▶ _MATERIALS PROVIDED_
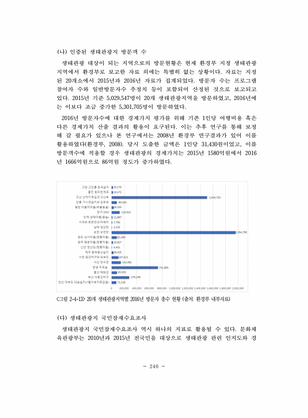 246 나 인증된 생태관광지 방문객 수 생태관광 대상이 되는 지역으로의 방문현황은 현재 환경부 지정 생태관광 지역에서 환경부로 보고한 자료 외에는 특별히 없는 상황이다. 자료는 지정 된 20개소에서 2015년과 2016년 자료가 집계되었다. 방문자 수는 프로그램 참여자 수와 일반방문자수 추정치 등이 포함되어 산정된 것으로 보고되고 있다. 2015년 기준 5,029,547명이 20개 생태관광지역을 방문하였고, 2016년에 는 이보다 조금 증가한 5,301,705명이 방문하였다. 2016년 방문자수에 대한 경제가치 평가를 위해 기존 1인당 여행비용 혹은 다른 경제가치 산출 결과의 활용이 요구된다. 이는 추후 연구를 통해 보정 해 갈 필요가 있으나 본 연구에서는 2008년 환경부 연구결과가 있어 이를 활용하였다 ...
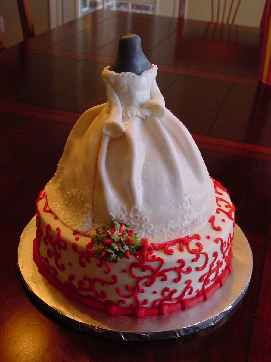 Oh man. Yes, I made a wedding gown cake. After a misunderstanding I decided not to make my original idea of the Wilton Court of Colors. She only has one brides maid. So after scouring this website we decided on the wedding dress. Two days before cake was due she sent me the picture of her dress... IT HAD SLEEVES! Another wrench thrown in my plans. Yikes!
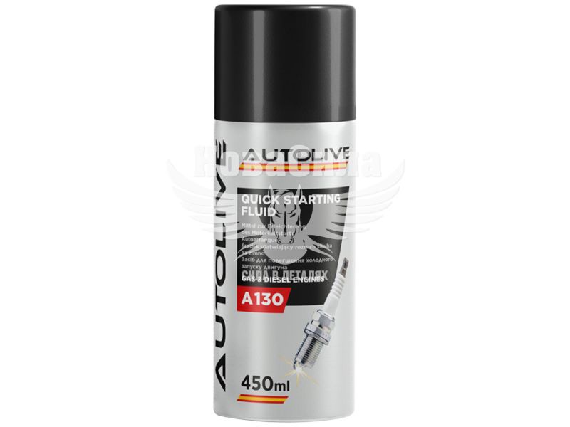 Швидкий старт для запуску дизельних та бензинових двигунів Autolive Quick Starting Fluid 450 мл (ефір) (A130) – це ефективний засіб від бренду Autolive, призначений для полегшення запуску двигунів при низьких температурах (до -50°C), підвищеній вологості, різких перепадах температур, мокрих свічках запалювання, слабкому акумуляторі або низькій якості палива. Продукт допомагає знизити ризик критичного розряду акумуляторної батареї, зменшує навантаження на стартер та береже свічки запалювання від надмірного зносу. Купити швидкий старт Autolive Quick Starting Fluid – значить забезпечити надійний запуск вашого автомобіля в будь-яких умовах.
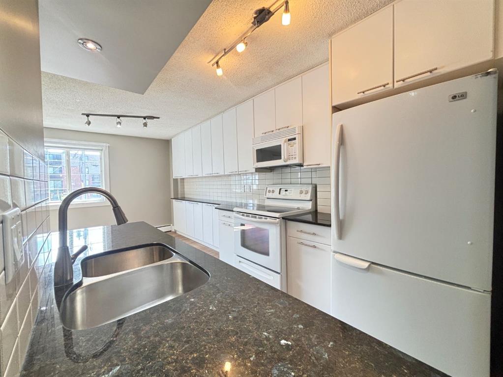 The kitchen shines with granite countertops, stylish cabinetry, and a chic tile backsplash. Both bedrooms are spacious, with easy access to a sleek 4-piece bath. You'll also enjoy in-suite laundry with storage and an assigned covered parking stall.
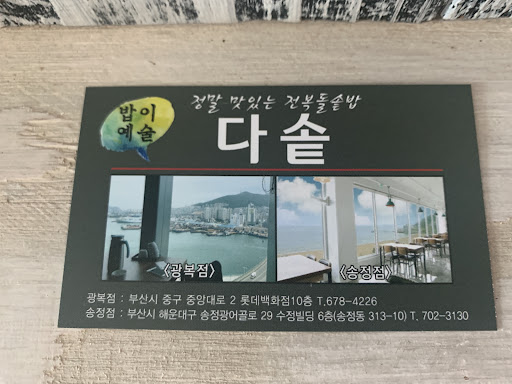 This is my FAVOURITE restaurant in Busan! Having previously visited another restaurant belonging to this restaurant chain, this was our first visit to this Songjeong branch. I just dream of the wagyu beef steak hot stone pot rice meal, and again I was not disappointed. This restaurant presents an impressive selection of side dishes, including whole fried fish and bulgogi beef: many of the side dishes would in themselves make an amazing full meal. There was a stunning beach/ocean view. The price was very reasonable. I would definitely recommend this restaurant to both tourists as...

▶ _WHAT IS BEING ASKED_
In the copy, include no pictures, but repeat the listing exactly.

▶ _YOUR SOLUTION_
 246 나 인증된 생태관광지 방문객 수 생태관광 대상이 되는 지역으로의 방문현황은 현재 환경부 지정 생태관광 지역에서 환경부로 보고한 자료 외에는 특별히 없는 상황이다. 자료는 지정 된 20개소에서 2015년과 2016년 자료가 집계되었다. 방문자 수는 프로그램 참여자 수와 일반방문자수 추정치 등이 포함되어 산정된 것으로 보고되고 있다. 2015년 기준 5,029,547명이 20개 생태관광지역을 방문하였고, 2016년에 는 이보다 조금 증가한 5,301,705명이 방문하였다. 2016년 방문자수에 대한 경제가치 평가를 위해 기존 1인당 여행비용 혹은 다른 경제가치 산출 결과의 활용이 요구된다. 이는 추후 연구를 통해 보정 해 갈 필요가 있으나 본 연구에서는 2008년 환경부 연구결과가 있어 이를 활용하였다 ...
 Oh man. Yes, I made a wedding gown cake. After a misunderstanding I decided not to make my original idea of the Wilton Court of Colors. She only has one brides maid. So after scouring this website we decided on the wedding dress. Two days before cake was due she sent me the picture of her dress... IT HAD SLEEVES! Another wrench thrown in my plans. Yikes!
 Швидкий старт для запуску дизельних та бензинових двигунів Autolive Quick Starting Fluid 450 мл (ефір) (A130) – це ефективний засіб від бренду Autolive, призначений для полегшення запуску двигунів при низьких температурах (до -50°C), підвищеній вологості, різких перепадах температур, мокрих свічках запалювання, слабкому акумуляторі або низькій якості палива. Продукт допомагає знизити ризик критичного розряду акумуляторної батареї, зменшує навантаження на стартер та береже свічки запалювання від надмірного зносу. Купити швидкий старт Autolive Quick Starting Fluid – значить забезпечити надійний запуск вашого автомобіля в будь-яких умовах.
 The kitchen shines with granite countertops, stylish cabinetry, and a chic tile backsplash. Both bedrooms are spacious, with easy access to a sleek 4-piece bath. You'll also enjoy in-suite laundry with storage and an assigned covered parking stall.
 This is my FAVOURITE restaurant in Busan! Having previously visited another restaurant belonging to this restaurant chain, this was our first visit to this Songjeong branch. I just dream of the wagyu beef steak hot stone pot rice meal, and again I was not disappointed. This restaurant presents an impressive selection of side dishes, including whole fried fish and bulgogi beef: many of the side dishes would in themselves make an amazing full meal. There was a stunning beach/ocean view. The price was very reasonable. I would definitely recommend this restaurant to both tourists as...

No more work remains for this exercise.